**What you need to do**: Pictures in the data must not be copied, but everything else should be output exactly.

**Exercise data**:
····················
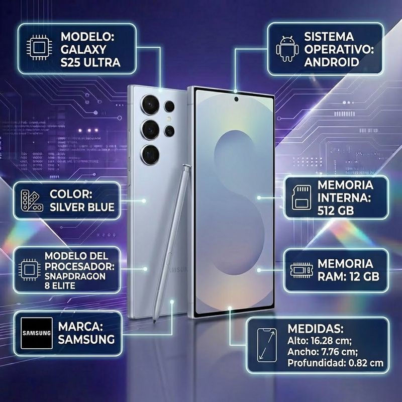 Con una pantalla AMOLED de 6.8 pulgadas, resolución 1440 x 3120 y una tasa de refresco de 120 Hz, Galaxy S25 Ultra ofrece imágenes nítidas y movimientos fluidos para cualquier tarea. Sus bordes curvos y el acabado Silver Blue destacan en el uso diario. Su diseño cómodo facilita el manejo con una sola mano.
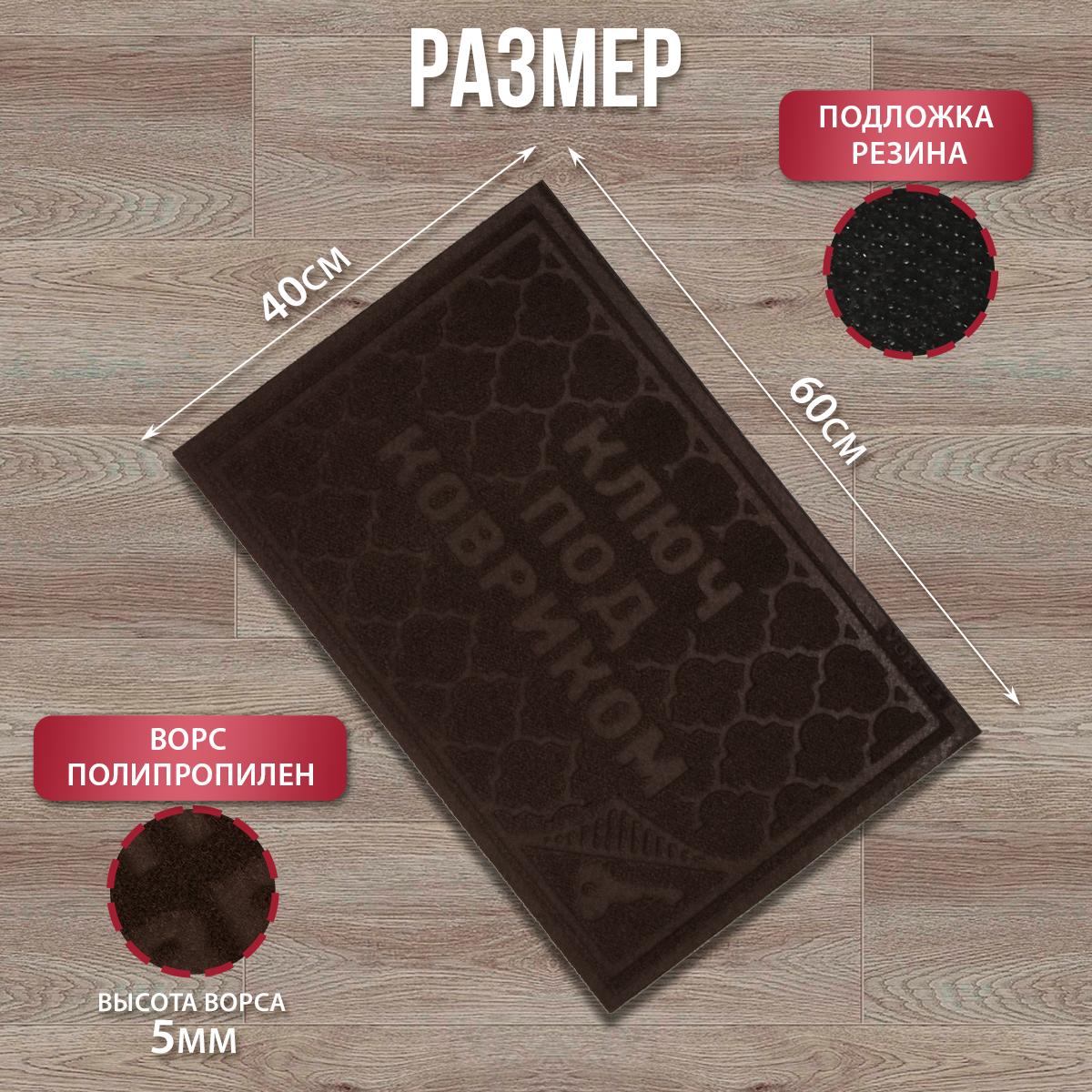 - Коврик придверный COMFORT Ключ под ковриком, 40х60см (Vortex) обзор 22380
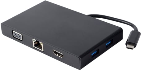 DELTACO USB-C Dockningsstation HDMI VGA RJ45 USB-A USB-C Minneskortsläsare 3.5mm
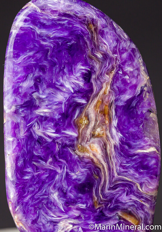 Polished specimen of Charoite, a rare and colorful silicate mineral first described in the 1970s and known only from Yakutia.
····················
**Output below**:
 Con una pantalla AMOLED de 6.8 pulgadas, resolución 1440 x 3120 y una tasa de refresco de 120 Hz, Galaxy S25 Ultra ofrece imágenes nítidas y movimientos fluidos para cualquier tarea. Sus bordes curvos y el acabado Silver Blue destacan en el uso diario. Su diseño cómodo facilita el manejo con una sola mano.
 - Коврик придверный COMFORT Ключ под ковриком, 40х60см (Vortex) обзор 22380
 DELTACO USB-C Dockningsstation HDMI VGA RJ45 USB-A USB-C Minneskortsläsare 3.5mm
 Polished specimen of Charoite, a rare and colorful silicate mineral first described in the 1970s and known only from Yakutia.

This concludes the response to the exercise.